厚生労働省 特例給付金の支給要件等について
https://www.mhlw.go.jp/content/11704000/000535730.pdf
独立行政法人 高齢・障害・求職者雇用支援機構 特例給付金制度のご案内
https://www.jeed.or.jp/disability/q2k4vk000002xvs4-att/q2k4vk000002xvub.pdf


② 優良な中小事業主に対する認定制度

 中小企業における障がい者雇用をより一層推進させる為、雇用体制の整備職場定着の取り組みなどが優秀な事業主を対象に、新しく認定制度が創設されました。
 中小企業の実雇用率を見ると、0.9%(情報通信業)〜3.1%(医療福祉)になっており、大企業の実雇用率に比べて大分ばらつきがあります。
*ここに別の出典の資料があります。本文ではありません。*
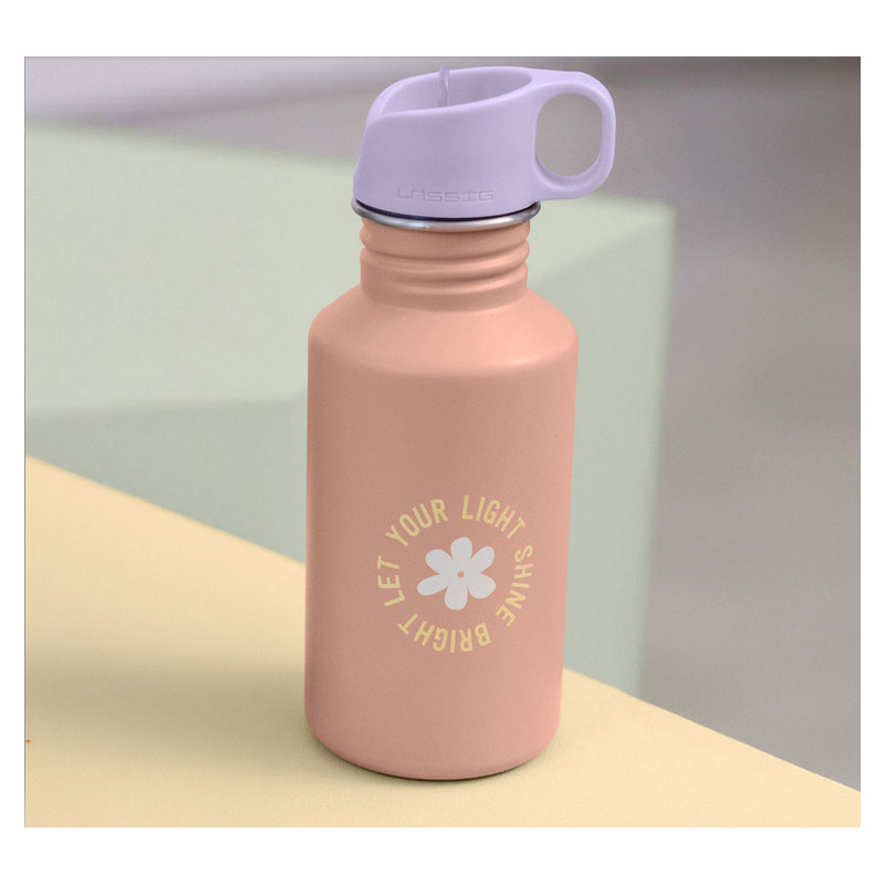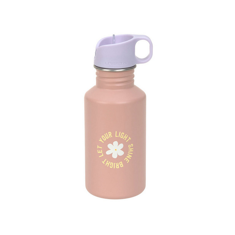 Bidon ma jasny pudrowo-różowy kolor z grafiką białego kwiatka, napisem: LET YOUR LIGHT SHINE BRIGHT oraz liliową pokrywkę.

雇用ゼロ企業も、45.5人以上100人未満では93.7%100人以上300人未満では30.8%存在します。今回の認定制度は、こうした中小事業主における障がい者雇用の取り組みが停滞している事態を受けて、従来の制度的枠組みに加え、障がい者雇用の進展に対する社会的な関心を喚起すると同時に、経営者の理解を促進し、先進的な取組を進めている事業主が社会的なメリットを受けることができるよう、創設されたものです。
(参考:厚生労働省 中小企業主の認定基準について)


目的

事業主身近なロールモデルの量産・可視化
労働者各認定事業主の取組・成果の可視化
事業主及び労働者社会的メリット等の確保・向上

認定メリット

  • 自社の商品、広告等への認定マークの使用
  • 求人票へのマークの表示
  • 認定マークの使用によるダイバーシティ・働き方改革等の広報効果
  • 障害のない者も含む採用・人材確保の円滑化
  • 好事例の相互参照・横展開
  • 地方公共団体の公共調達等における加点の促進 等

評価基準

  • 評価基準に基づき、20点(特例子会社は35点)以上を得ること。(取組関係で5点以上、成果関係で6点以上、情報開示関係で2点以上を得ること。)※満点は50点
  • 実雇用率が法定雇用率を下回るものでないこと。(雇用不足数が0であること) ※雇用率カウント後に45.5人未満となる事業主は要件を満たす。
  • 障害者(A型事業所の利用者は含まない。)を雇用していること。 ※A型事業所の利用者以外の障害者に関する取組状況を評価。
  • 障害者雇用促進法及び同法に基づく命令その他関係法令に違反する重大な事実がないこと。

厚生労働省 中小事業主の認定基準について
https://www.mhlw.go.jp/content/11704000/000552238.pdf
厚生労働省 障害者雇用に関する優良な中小事業主に対する認定制度申請マニュアル
https://www.mhlw.go.jp/content/11700000/000646750.pdf

 その他、法定雇用率に参入できない労働者をカウントしていた、いわゆる “障がい者雇用数の水増し問題” を踏まえ、具体的な確認方法の公表確認書類の保存(3年間)等も義務づけられました。さらに、運用に対する適切性のチェックが強化されたことに伴い、厚生労働大臣は、国や地方公共団体に対し、確認の適正な実施に関して勧告ができるようになりました。